TO DO: Return, exactly as written, the lines of the material from its top through the line with "Parts for Frigidaire", keeping pictures out.

DATA SECTION:
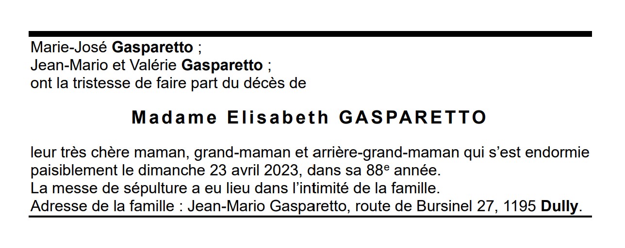 Madame Elisabeth GASPARETTO
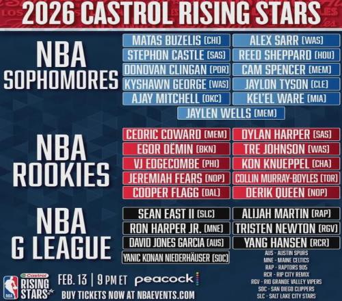 最后還是再提醒一遍,今年NBA全明星新秀挑戰(zhàn)賽在2月14日進行,楊瀚森跟所有發(fā)展聯(lián)盟球員一起被編入奧斯汀·里弗斯隊,記得關(guān)注。
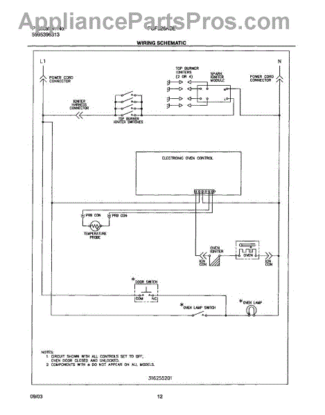 Parts for Frigidaire FGF326ASE: 12 - Wiring Schematic Parts
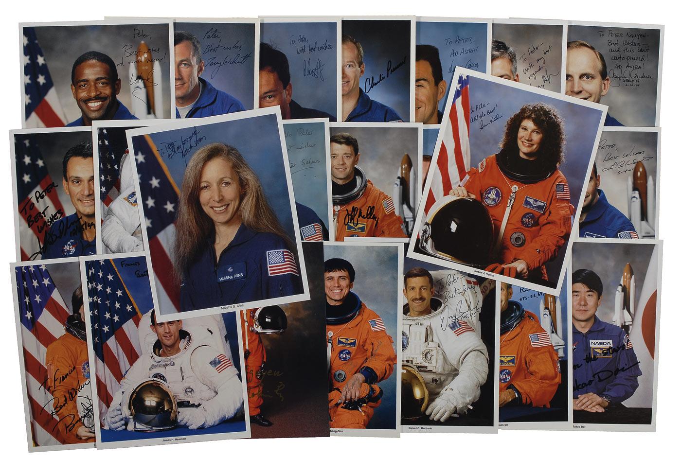 Twenty-five color 8 x 10 NASA photos, each signed in ink or felt tip by the respective astronaut pictured, with most adding a short inscription. Signers are: Clayton Anderson, Gregory Johnson, Duane Carey, Charles Precourt, Michael Lopez-Alegria, Terry Wilcutt, Mamoru Mohri, Leland Melvin, Lee Archambault, Paul Lockhart, Patrick Forrester, Jeff Ashby, Franklin Chang-Diaz (2), John Olivas, Piers Sellers, Jim Reilly (2), Takao Doi, Ken Cockrell, Bonnie Dunbar, Dan Burbank, Jim Newman, Marsha Ivins, and Susan Helms. In fine condition. Pre-certified Scott Cornish and RRAuction COA.

RESULT OF THE TASK:
 Madame Elisabeth GASPARETTO
 最后還是再提醒一遍,今年NBA全明星新秀挑戰(zhàn)賽在2月14日進行,楊瀚森跟所有發(fā)展聯(lián)盟球員一起被編入奧斯汀·里弗斯隊,記得關(guān)注。
 Parts for Frigidaire FGF326ASE: 12 - Wiring Schematic Parts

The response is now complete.